# Lesson 6 — Evaluate, Prompt, and Add Simple Safety
**Goal:** Measure model quality (perplexity), practice prompting, and implement a tiny safety/guardrails layer.

**What you'll learn**
- Perplexity on held-out text
- Prompt patterns (role, constraint, examples)
- Simple rule-based safety screen (demo)


In [None]:

import math, re
from pathlib import Path
import torch

# We'll reuse Lesson 4's character-level model if available.
# Otherwise, demonstrate perplexity with n-gram from Lesson 3 re-implemented quickly.

data_dir = Path("../data")
text = ""
for fname in ["space.txt","animals.txt","minecraft.txt"]:
    text += (data_dir / fname).read_text(encoding="utf-8") + "\n"
tokens = re.findall(r"[a-zA-Z']+|[.,!?;:]", text.lower())


In [None]:

# Simple bigram LM for evaluation demo
import collections, math, random
def ngrams(tokens, n):
    for i in range(len(tokens)-n+1):
        yield tuple(tokens[i:i+n])

def train_bigram(tokens, k=0.5):
    counts = collections.Counter(ngrams(tokens, 2))
    ctx_counts = collections.Counter(ngrams(tokens, 1))
    vocab = sorted(set(tokens))
    V = len(vocab)
    def prob(context, w):
        c = counts[(context,w)]
        ctx = ctx_counts[(context,)]
        return (c + k) / (ctx + k*V)
    return prob, vocab

bigram, V = train_bigram(tokens, k=0.5)

def cross_entropy(prob, vocab, tokens):
    split = int(0.8*len(tokens))
    test = tokens[split:]
    H = 0.0
    count = 0
    for i in range(1, len(test)):
        p = max(prob(test[i-1], test[i]), 1e-12)
        H += -math.log2(p)
        count += 1
    return H/max(count,1), 2**(H/max(count,1))

H, ppl = cross_entropy(bigram, V, tokens)
print(f"Bigram perplexity on held-out: {ppl:.2f}")



## Prompting patterns (for larger LLMs)
When you use a bigger model (like GPT-2/3+), structure prompts with:
- **Role/Goal:** “You are a helpful math tutor…”
- **Constraints:** “Use steps, show equations.”
- **Examples:** Few-shot demonstrations.
- **Checks:** “Double-check arithmetic.”
Try these patterns when using your fine-tuned model (Lesson 5) or an API.

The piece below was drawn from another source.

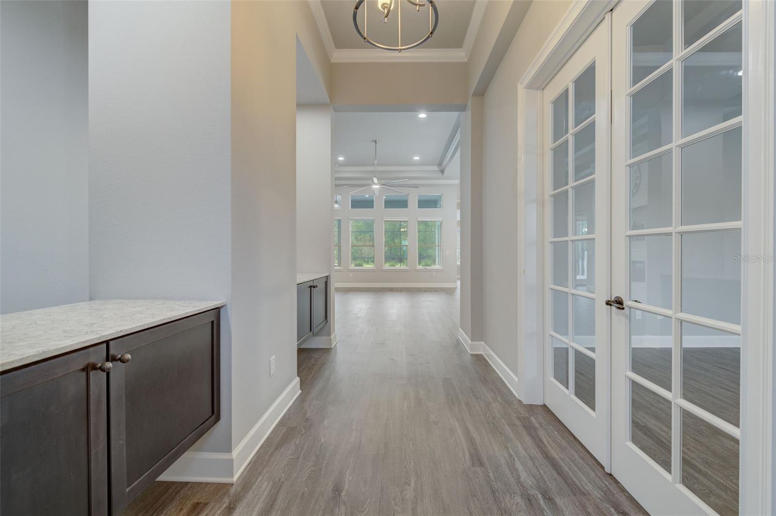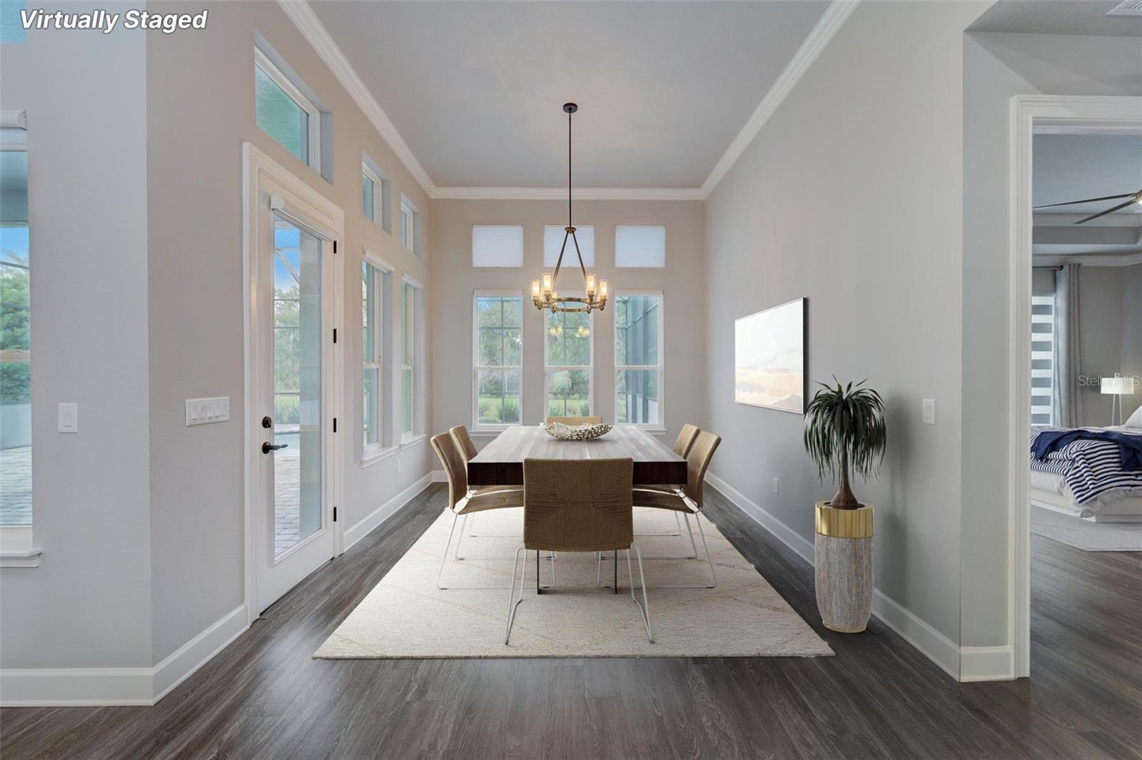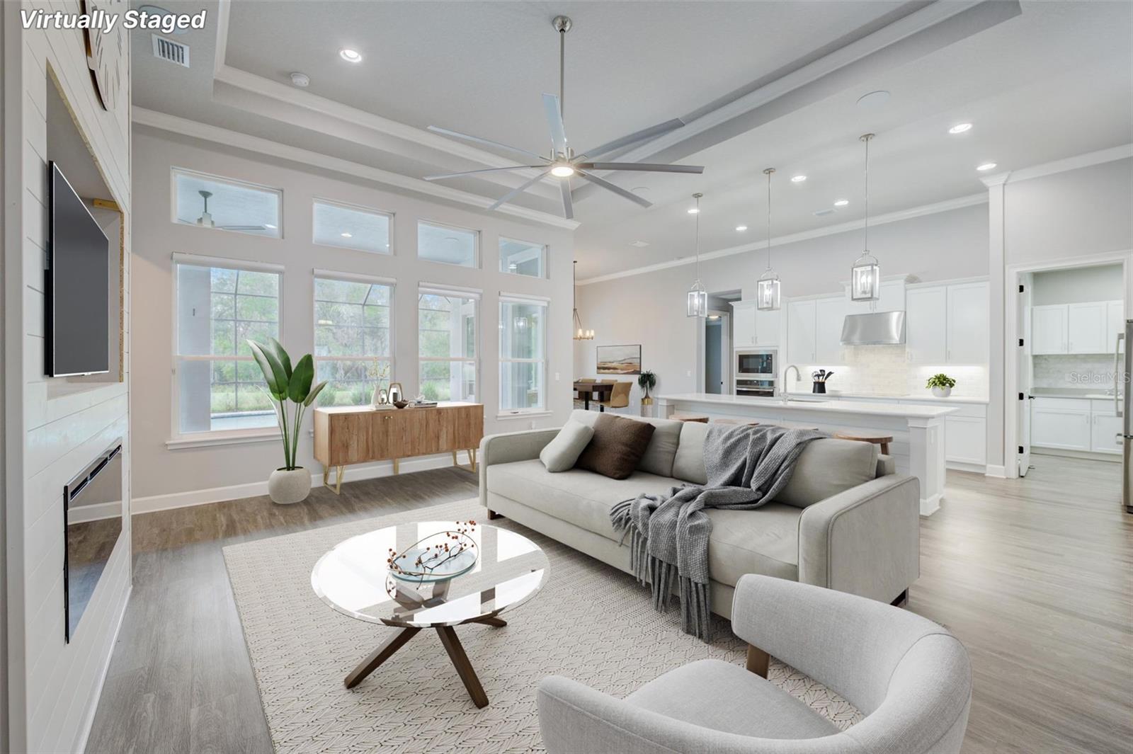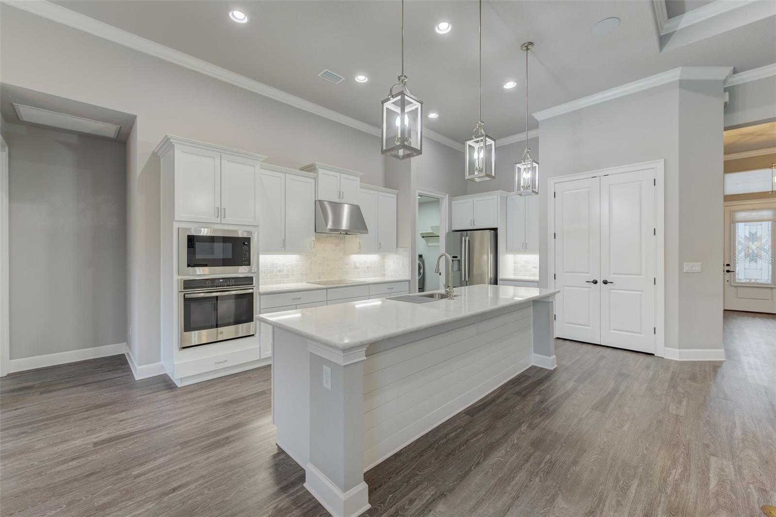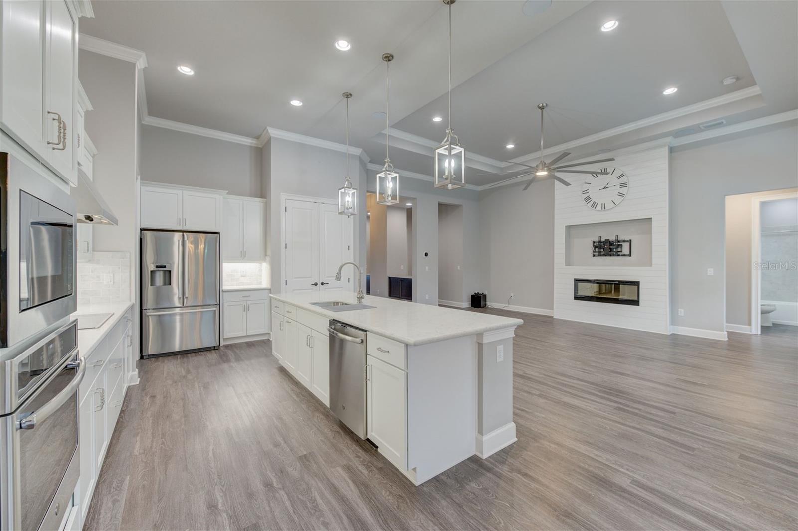 Exceptional one story 3 garage home, complemented by upscale finishes invite comfort and exude elegance. The meticulously appointed open concept interior offers 4 bedrooms, 3.5 baths with one bedroom and bath boasting 36'' doorways. The great room's shiplap accented wall features a fireplace for ambiance and a wall of windows to let the sunshine in. An impressive chef's kitchen equipped with an abundance of cabinetry, large center island, quartz countertops and premium stainless appliances is sure to be a gathering place for family and friends, along with the adjacent dining room. The sumptuous sun filled owner's suite boasts an intricate double trey ceiling and double doors open to an opulent bath with a striking focal point, an oval soaking tub adorned with a sparkling chandelier accented by a waterfall tiled wall. There's also a spacious custom shower, double vanities, separate water closet as well as custom walk-in closet all open to the laundry room for convenience. Luxury high-end flooring from room to room with no transitions adds to the flow of this well appointed home. Also “both fiber and cable installed” Thoughtfully designed with entertainment in mind, the lanai is second to none with its marine grade outdoor summer kitchen complete with grill, side burner, vent hood with dual fans, refrigerator and sink with disposal. Savor serenity as you gaze at the waterfall cascading from the remote controlled heated SPA into the pool below, out door shower and themed remote controlled lighting, all overlooking private yard backed up the to preserve along with tall landscaped plantings on both sides of the home for your privacy. The home also features beautiful durable epoxied garage floors, hybrid water heater, a grunfos recirculating instant hot water pump, surround sound ceiling speakers in living room and Lanai, automatic controlled lighting in halls and bathroom and garage, There are Eufy floodlights around home with attached cameras as well as IP cameras. Nothing compares to having your own private resort-like retreat. Home has well that was installed when the house was built that is used for the home’s automated irrigation system and can also be used or other around the house needs. You are able to use All the SPRUCE CREEK amenities also SPRUCE CREEK COUNTRY CLUB Memberships Now Available.

## Simple Safety Filter (demo)
Below is a tiny demonstration of *rule-based* screening (e.g., reject if input matches forbidden patterns).
This is **not** a complete safety system—just a conceptual intro.


In [None]:

FORBIDDEN = [
    r"how to make a bomb",
    r"credit card number",
    r"social security number",
]

def safe_input(user_text):
    t = user_text.lower()
    for pat in FORBIDDEN:
        if re.search(pat, t):
            return False, f"Blocked by rule: {pat}"
    return True, "ok"

tests = [
    "Tell me a Minecraft story about wolves",
    "how to make a bomb from household items",
    "What's a credit card number?"
]
for t in tests:
    ok, msg = safe_input(t)
    print(f"{t!r} -> {ok}, {msg}")



### Challenges
- Extend evaluation to trigram or your tiny Transformer (compute NLL over held-out chars).
- Expand safety rules responsibly (or learn about modern techniques like RLHF).